BEGIN

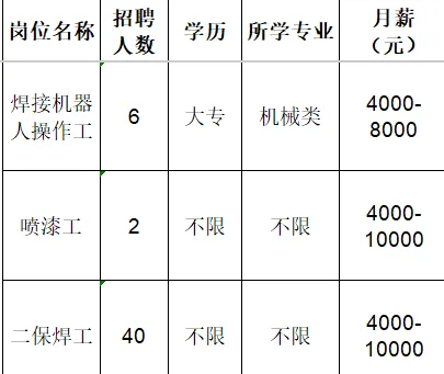 山东佳能科技股份有限公司招聘焊接机器人操作工,喷漆工,二保焊工联系人:贾经理地址:山东省淄博市淄川区…
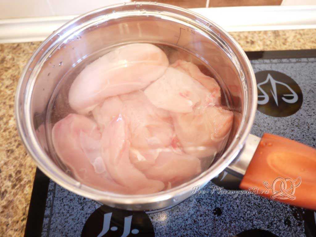 На плиту ставим сотейник с водой, кладем туда куриное филе и варим 25-30 мин до готовности (мясо легко протыкается вилкой, выделяя прозрачный сок).
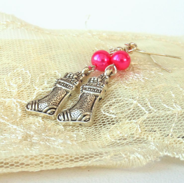 Made with a vivid pink faux pearl and a tibetan silver Christmas stocking charm, these earrings would make a great Secret Santa gift.
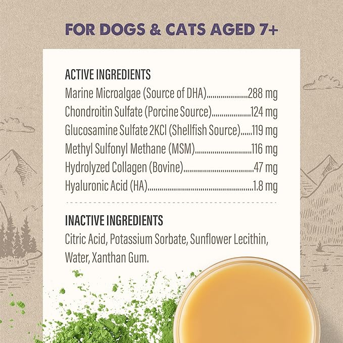 - MAINTAIN JOINT MOBILITY. Glucosamine, chondroitin, collagen, hyaluronic acid, and MSM help to support maturing pets’ mobility.
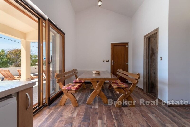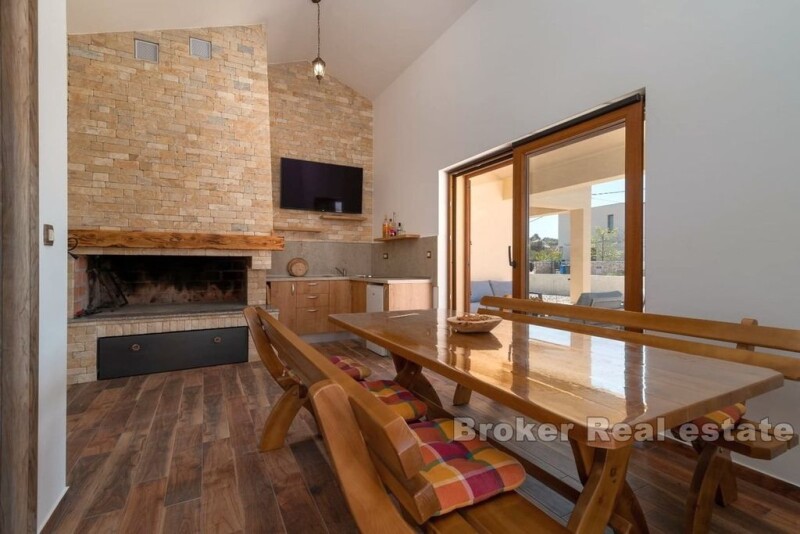 A modern family house located in a quiet part of the interior of Čiovo, just a few minutes drive from the well-maintained beaches and the historic town of Trogir. This detached house is located on a plot of 850 m² and spreads over two floors with a total area of 175 m². On the ground floor there is a spacious kitchen with dining room, bathroom and large living room with access to a large terrace with a swimming pool. Next to the pool there is a social area with a summer dining room, fireplace, additional toilet and storage room. On the first floor there are three bedrooms with private bathrooms, two of which have access to a spacious terrace with a beautiful sea view, and one additional bathroom. The outdoor area of the garden includes a swimming pool with a paved sunbathing area, an outdoor shower and three parking spaces. This property is ideal for those looking for relaxation and privacy in a peaceful environment, while at the same time wanting to be close to all the necessary amenities, and also represents a quality investment for tourism purposes.
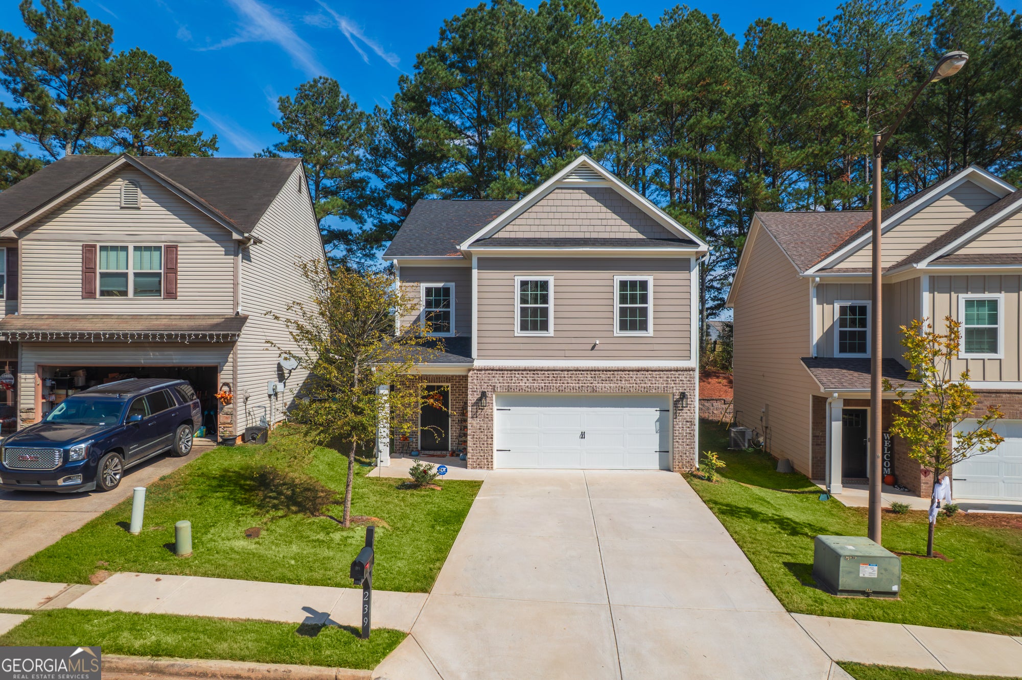 Welcome to this stunning Craftsman-style single-family home located in the beautiful Ball Ground region within the sought-after Bethany Manor subdivision. Built in 2023, this brand new construction boasts modern amenities and timeless architectural elegance, making it the perfect combination of style and comfort. This spacious 2,078 sq ft residence offers 4 oversized bedrooms and 3 bathrooms (2 full and 1 half), providing ample space for family, guests, and versatile living arrangements. The primary bedroom is an oversized master suite featuring a lavish primary bathroom equipped with a double vanity and a separate tub/shower for a spa-like ambiance. Generous walk-in closets add convenience and storage capacity. The open-concept design seamlessly integrates the dining room with the kitchen and family room, creating an inviting space for entertaining and everyday living. The kitchen is a chef's dream with features such as a kitchen island, breakfast bar, pantry, white cabinetry, stone countertops, and views into the family room-making it the heart of the home. Additional interior comforts include crown molding, a two-story entrance foyer, tray ceilings, and high 9-foot ceilings on the main floor that enhance the spacious feel. The flooring combines ceramic tile and hardwood for durability and style. You will find efficient natural gas heating, central air conditioning with ceiling fans, and insulated windows with shutters for comfort year-round. The home includes modern appliances such as a dishwasher, disposal, gas oven and range, and microwave. A dedicated laundry room is conveniently located on the upper level. Though this home does not have a basement or fireplace, it has no common walls with other units, ensuring privacy and tranquility. Situated on a 3,920 sq ft professionally landscaped lot, the property features covered front porch with lighting and rain gutters. The driveway leads to a two-car garage with garage doors facing front, complete with a garage door opener and level driveway, plus uncovered parking spaces for visitors. Utilities are fully functional with public water and sewer, electric at 110 volts, cable availability, natural gas, phone, and underground utilities. The home is also equipped with low-flow fixtures promoting water conservation. With its impeccable craftsmanship, modern conveniences, spacious layout, and peaceful setting, this beautiful Craftsman Traditional home presents an incredible opportunity for comfortable living in Ball Ground. Don't miss the chance to make this brand-new, expertly designed residence your forever home.
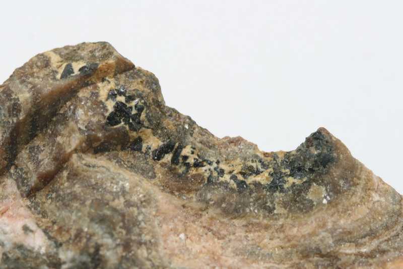 Kleine schwarze Körner aus Eisensilikat. Die Ader mit Cronstedtitem ist 2 mm breit【4:0†cz_to_de.json】.

END

THE TASK - Everything in the listing except the pictures must be reproduced exactly.

SOLUTION -
 山东佳能科技股份有限公司招聘焊接机器人操作工,喷漆工,二保焊工联系人:贾经理地址:山东省淄博市淄川区…
 На плиту ставим сотейник с водой, кладем туда куриное филе и варим 25-30 мин до готовности (мясо легко протыкается вилкой, выделяя прозрачный сок).
 Made with a vivid pink faux pearl and a tibetan silver Christmas stocking charm, these earrings would make a great Secret Santa gift.
 - MAINTAIN JOINT MOBILITY. Glucosamine, chondroitin, collagen, hyaluronic acid, and MSM help to support maturing pets’ mobility.
 A modern family house located in a quiet part of the interior of Čiovo, just a few minutes drive from the well-maintained beaches and the historic town of Trogir. This detached house is located on a plot of 850 m² and spreads over two floors with a total area of 175 m². On the ground floor there is a spacious kitchen with dining room, bathroom and large living room with access to a large terrace with a swimming pool. Next to the pool there is a social area with a summer dining room, fireplace, additional toilet and storage room. On the first floor there are three bedrooms with private bathrooms, two of which have access to a spacious terrace with a beautiful sea view, and one additional bathroom. The outdoor area of the garden includes a swimming pool with a paved sunbathing area, an outdoor shower and three parking spaces. This property is ideal for those looking for relaxation and privacy in a peaceful environment, while at the same time wanting to be close to all the necessary amenities, and also represents a quality investment for tourism purposes.
 Welcome to this stunning Craftsman-style single-family home located in the beautiful Ball Ground region within the sought-after Bethany Manor subdivision. Built in 2023, this brand new construction boasts modern amenities and timeless architectural elegance, making it the perfect combination of style and comfort. This spacious 2,078 sq ft residence offers 4 oversized bedrooms and 3 bathrooms (2 full and 1 half), providing ample space for family, guests, and versatile living arrangements. The primary bedroom is an oversized master suite featuring a lavish primary bathroom equipped with a double vanity and a separate tub/shower for a spa-like ambiance. Generous walk-in closets add convenience and storage capacity. The open-concept design seamlessly integrates the dining room with the kitchen and family room, creating an inviting space for entertaining and everyday living. The kitchen is a chef's dream with features such as a kitchen island, breakfast bar, pantry, white cabinetry, stone countertops, and views into the family room-making it the heart of the home. Additional interior comforts include crown molding, a two-story entrance foyer, tray ceilings, and high 9-foot ceilings on the main floor that enhance the spacious feel. The flooring combines ceramic tile and hardwood for durability and style. You will find efficient natural gas heating, central air conditioning with ceiling fans, and insulated windows with shutters for comfort year-round. The home includes modern appliances such as a dishwasher, disposal, gas oven and range, and microwave. A dedicated laundry room is conveniently located on the upper level. Though this home does not have a basement or fireplace, it has no common walls with other units, ensuring privacy and tranquility. Situated on a 3,920 sq ft professionally landscaped lot, the property features covered front porch with lighting and rain gutters. The driveway leads to a two-car garage with garage doors facing front, complete with a garage door opener and level driveway, plus uncovered parking spaces for visitors. Utilities are fully functional with public water and sewer, electric at 110 volts, cable availability, natural gas, phone, and underground utilities. The home is also equipped with low-flow fixtures promoting water conservation. With its impeccable craftsmanship, modern conveniences, spacious layout, and peaceful setting, this beautiful Craftsman Traditional home presents an incredible opportunity for comfortable living in Ball Ground. Don't miss the chance to make this brand-new, expertly designed residence your forever home.
 Kleine schwarze Körner aus Eisensilikat. Die Ader mit Cronstedtitem ist 2 mm breit【4:0†cz_to_de.json】.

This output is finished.